How to differentiate between the risks and opportunities in emerging countries in 2014?
Natixis Economic Research present a grid to indentify the risks and opportunities in emerging countries based on six key factors:
• Fed tapering: countries maintaining close relations with the United States and/or with liquid markets have benefited most from US liquidity (Latin America, Malaysia, South Korea, Thailand and Poland via bonds). In theory, Fed tapering should lead to less support for their markets, although during episodes of heightened risk aversion, as is the case today, liquidity may prove to be a positive factor.
• Sensitivity to raw materials: a prolonged raw materials price shock would be very unfavorable for Russia, Chile and even the financial stability of countries such as Venezuela, Argentina and Ukraine.
• Dependence on Chinese growth: China’s economic slowdown represents a risk for emerging countries with close trading relations with China, particularly countries in Asia, Latin American and, to a lesser extent, Russia.
• Risk of a sudden stop: the situation is fragile in Ukraine, Venezuela, Turkey and Argentina, whose foreign reserves do not cover the short-term external commitments. The crisis of confidence is not just external since there is a flight from money by residents.

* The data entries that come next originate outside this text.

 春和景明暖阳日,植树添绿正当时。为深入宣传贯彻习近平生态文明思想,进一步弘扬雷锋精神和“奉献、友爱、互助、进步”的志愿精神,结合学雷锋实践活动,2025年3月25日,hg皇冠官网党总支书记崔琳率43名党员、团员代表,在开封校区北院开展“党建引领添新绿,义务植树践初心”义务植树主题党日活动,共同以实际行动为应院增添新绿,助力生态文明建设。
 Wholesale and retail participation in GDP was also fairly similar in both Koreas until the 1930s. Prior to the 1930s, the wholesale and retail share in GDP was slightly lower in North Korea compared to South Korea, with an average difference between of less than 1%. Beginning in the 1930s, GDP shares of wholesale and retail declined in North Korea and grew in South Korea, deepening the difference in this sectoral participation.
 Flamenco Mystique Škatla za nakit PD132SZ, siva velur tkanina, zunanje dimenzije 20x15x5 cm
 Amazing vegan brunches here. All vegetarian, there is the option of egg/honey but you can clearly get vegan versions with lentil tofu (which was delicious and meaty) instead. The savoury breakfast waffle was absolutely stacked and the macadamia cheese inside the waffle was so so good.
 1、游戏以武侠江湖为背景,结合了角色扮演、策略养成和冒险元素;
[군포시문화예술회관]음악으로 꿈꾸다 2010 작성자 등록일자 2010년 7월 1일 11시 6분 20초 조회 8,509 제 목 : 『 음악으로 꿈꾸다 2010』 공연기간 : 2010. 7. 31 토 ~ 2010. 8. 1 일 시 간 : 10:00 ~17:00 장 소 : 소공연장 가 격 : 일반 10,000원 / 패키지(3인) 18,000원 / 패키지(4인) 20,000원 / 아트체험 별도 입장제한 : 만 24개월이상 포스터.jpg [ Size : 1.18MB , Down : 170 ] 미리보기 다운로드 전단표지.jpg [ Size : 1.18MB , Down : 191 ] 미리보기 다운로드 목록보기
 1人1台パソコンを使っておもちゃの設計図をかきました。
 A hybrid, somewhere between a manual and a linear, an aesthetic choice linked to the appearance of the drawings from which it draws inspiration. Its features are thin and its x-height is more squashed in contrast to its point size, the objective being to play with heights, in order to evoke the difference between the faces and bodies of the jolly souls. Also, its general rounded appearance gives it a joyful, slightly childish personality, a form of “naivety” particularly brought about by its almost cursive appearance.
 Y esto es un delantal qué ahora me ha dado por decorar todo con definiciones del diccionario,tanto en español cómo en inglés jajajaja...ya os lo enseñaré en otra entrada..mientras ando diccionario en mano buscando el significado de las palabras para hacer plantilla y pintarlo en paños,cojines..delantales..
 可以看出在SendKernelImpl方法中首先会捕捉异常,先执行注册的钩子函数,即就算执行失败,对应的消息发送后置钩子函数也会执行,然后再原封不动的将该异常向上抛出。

• Trade structure: a diversified industrial base helps to limit external shocks. Asia (excluding Indonesia), the New Member States (NMS), Turkey and Mexico have this advantage.
• Political risks: it is difficult to differentiate between emerging countries based on political factors since all present weaknesses (business environment, corruption, observance of ownership rights, income inequality, etc.). These are indeed basic traits of emerging countries.